--- Work instruction ---
Please return each entry that follows exactly as written, and keep the pictures out.

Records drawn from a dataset

• • • •

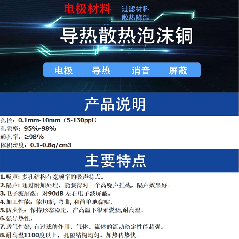 1)泡沫铜具有优良的导热性能,可广泛用于电机/电器及电子元器件的导热散热
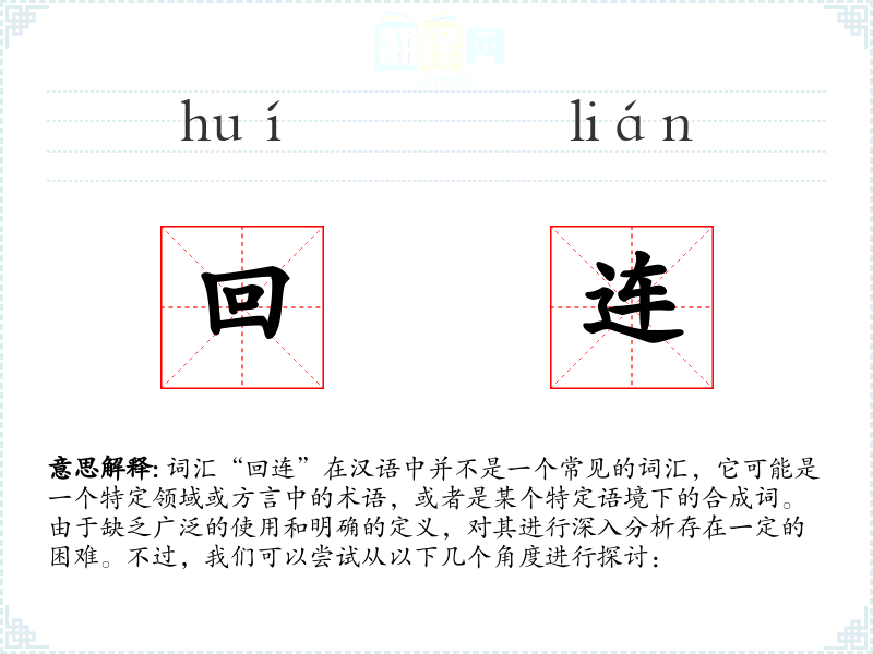 词汇“回连”在汉语中并不是一个常见的词汇,它可能是一个特定领域或方言中的术语,或者是某个特定语境下的合成词。由于缺乏广泛的使用和明确的定义,对其进行深入分析存在一定的困难。不过,我们可以尝试从以下几个角度进行探讨:
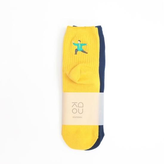 セット内容:ネイビー1足、イエロー1足 2足がロゴ入り帯巻き
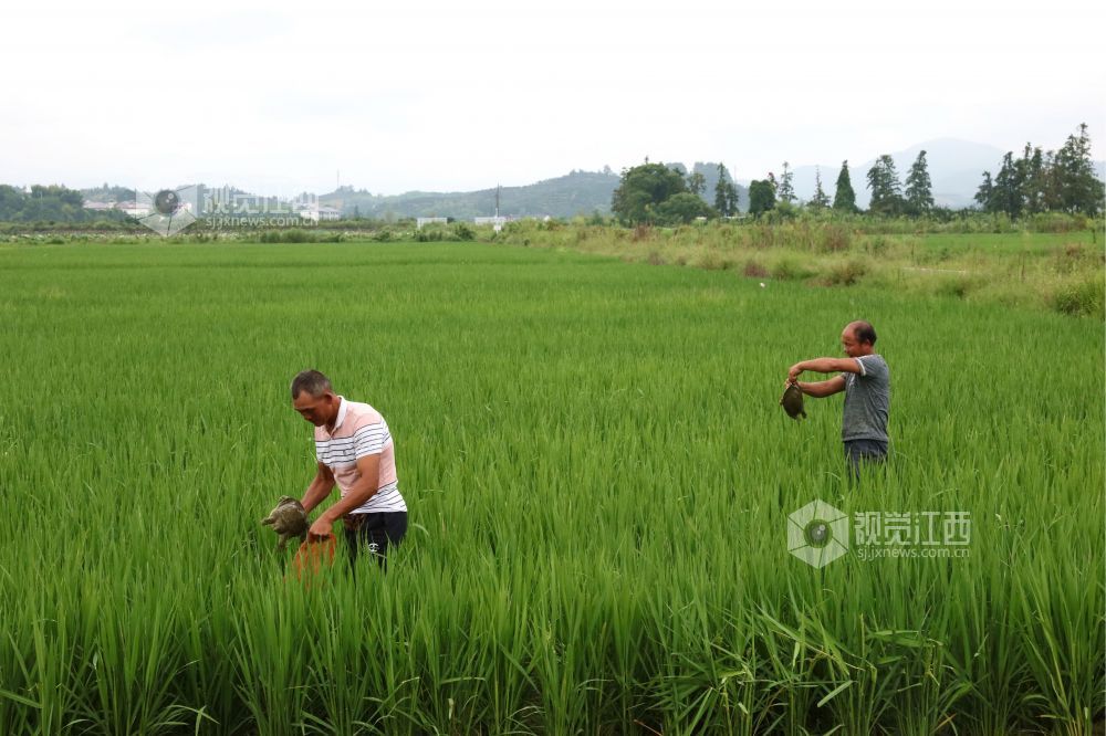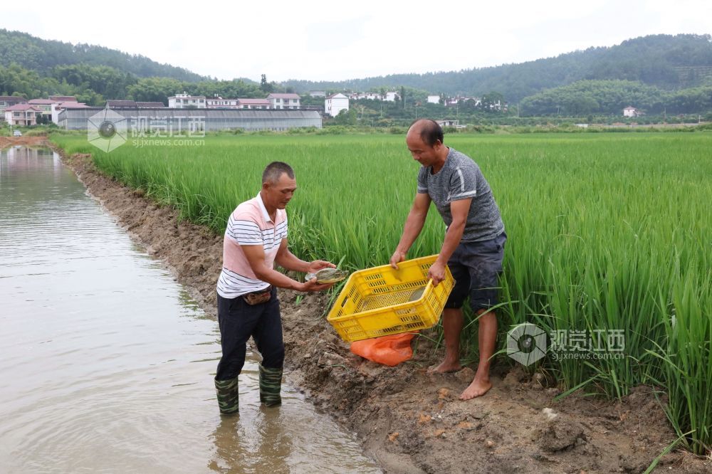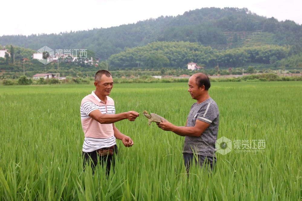2020年8月27日,在江西省南丰县太和镇丹阳村稻鳖生态种养基地,农民们在捕捉生长成熟的甲鱼。该村近年来探索推行“稻鳖共养”生态种养新模式,在50余亩稻田中喂养甲鱼,每亩综合收益近5000元。通过减少农药和化肥的生态种养环境,节约生产成本的同时,实现生态效益和经济效益双赢。
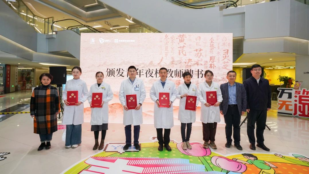 活動中,與會領導啟動了“青年夜校青年名中醫系列課程”,并為青年名中醫教師代表頒發了聘書,隨后參觀了集團青年夜校教學場地及中醫市集。

• • • •

--- Written answer ---
 1)泡沫铜具有优良的导热性能,可广泛用于电机/电器及电子元器件的导热散热
 词汇“回连”在汉语中并不是一个常见的词汇,它可能是一个特定领域或方言中的术语,或者是某个特定语境下的合成词。由于缺乏广泛的使用和明确的定义,对其进行深入分析存在一定的困难。不过,我们可以尝试从以下几个角度进行探讨:
 セット内容:ネイビー1足、イエロー1足 2足がロゴ入り帯巻き
2020年8月27日,在江西省南丰县太和镇丹阳村稻鳖生态种养基地,农民们在捕捉生长成熟的甲鱼。该村近年来探索推行“稻鳖共养”生态种养新模式,在50余亩稻田中喂养甲鱼,每亩综合收益近5000元。通过减少农药和化肥的生态种养环境,节约生产成本的同时,实现生态效益和经济效益双赢。
 活動中,與會領導啟動了“青年夜校青年名中醫系列課程”,并為青年名中醫教師代表頒發了聘書,隨后參觀了集團青年夜校教學場地及中醫市集。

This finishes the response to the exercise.